ECGconc offers ECG-based potassium concentration estimation.
Prepare_Data.m: Template building and extraction of features from a lead reduced signal. An example with data from [1,2] is taken to offer an example for the workflow.
Apply_Conc_Model.m: With this script, the parameterized concentration models (from the folder globalModels) can be applied to the found features. The user should keep in mind that the model still needs concentration measurements from a blood test to apply a patient-specific correction.
Find_Conc_Model_Pat.m: Code for the generation of the patient-specific model.
Find_Conc_Model_Global.m: Code for the generation of the global model.
ECGdeli: https://github.com/KIT-IBT/ECGdeli
ECGfeat: https://github.com/KIT-IBT/ECGfeat
Special thanks go to Cristiana Corsi and Stefano Severi from the University of Bologna.
This is the result of my PhD project at the Institute of Biomedical Engineering at Karlsruhe Insitute of Technology. Further information on the background of this repository will be available when the thesis is published.

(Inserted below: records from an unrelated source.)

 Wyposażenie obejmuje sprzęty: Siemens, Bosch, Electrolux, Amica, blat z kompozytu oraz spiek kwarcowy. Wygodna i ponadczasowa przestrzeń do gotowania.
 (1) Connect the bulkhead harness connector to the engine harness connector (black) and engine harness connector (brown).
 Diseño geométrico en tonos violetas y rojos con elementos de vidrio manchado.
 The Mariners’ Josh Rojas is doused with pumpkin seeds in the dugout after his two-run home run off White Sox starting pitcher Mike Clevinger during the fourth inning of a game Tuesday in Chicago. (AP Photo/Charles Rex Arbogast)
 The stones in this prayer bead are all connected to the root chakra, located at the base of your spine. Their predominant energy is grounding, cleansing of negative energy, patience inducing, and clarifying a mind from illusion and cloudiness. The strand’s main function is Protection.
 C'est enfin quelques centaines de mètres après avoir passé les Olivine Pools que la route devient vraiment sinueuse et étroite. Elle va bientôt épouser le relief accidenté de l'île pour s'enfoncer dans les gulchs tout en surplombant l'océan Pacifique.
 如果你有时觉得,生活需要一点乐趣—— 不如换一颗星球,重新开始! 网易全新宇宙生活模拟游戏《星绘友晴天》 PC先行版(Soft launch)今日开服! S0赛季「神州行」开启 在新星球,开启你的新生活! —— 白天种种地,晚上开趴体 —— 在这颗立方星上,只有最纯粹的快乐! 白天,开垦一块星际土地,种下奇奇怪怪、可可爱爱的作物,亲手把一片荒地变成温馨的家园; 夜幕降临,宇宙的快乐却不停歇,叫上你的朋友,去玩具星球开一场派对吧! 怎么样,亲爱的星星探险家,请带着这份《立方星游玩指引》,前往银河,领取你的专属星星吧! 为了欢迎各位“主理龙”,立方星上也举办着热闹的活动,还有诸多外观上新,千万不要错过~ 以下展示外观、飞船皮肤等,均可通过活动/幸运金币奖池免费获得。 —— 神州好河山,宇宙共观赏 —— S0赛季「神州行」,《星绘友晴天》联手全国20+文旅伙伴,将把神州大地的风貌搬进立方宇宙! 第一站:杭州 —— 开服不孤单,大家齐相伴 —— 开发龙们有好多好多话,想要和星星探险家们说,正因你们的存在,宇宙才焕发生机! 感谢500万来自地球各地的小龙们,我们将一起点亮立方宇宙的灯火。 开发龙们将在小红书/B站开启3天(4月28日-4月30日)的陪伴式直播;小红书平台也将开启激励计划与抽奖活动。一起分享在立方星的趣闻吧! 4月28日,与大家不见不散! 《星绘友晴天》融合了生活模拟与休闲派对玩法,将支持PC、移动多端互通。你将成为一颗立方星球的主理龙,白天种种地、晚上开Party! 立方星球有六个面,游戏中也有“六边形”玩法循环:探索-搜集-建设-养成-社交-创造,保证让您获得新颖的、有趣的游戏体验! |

[1] R. Bousseljot, D. Kreiseler, and A. Schnabel, “Nutzung der EKG-Signaldatenbank CARDIODAT der PTB über das Internet,” Biomedizinische Technik/Biomedical Engineering, pp. 317–318, Jan. 2009.
[2] A. L. Goldberger, L. A. Amaral, L. Glass, J. M. Hausdorff, P. C. Ivanov, R. G. Mark, J. E. Mietus, G. B. Moody, C. K. Peng, and H. E. Stanley, “PhysioBank, PhysioToolkit, and PhysioNet: components of a new research resource for complex physiologic signals.,” Circulation, vol. 101, no. 23, pp. E215–20, Jun. 2000.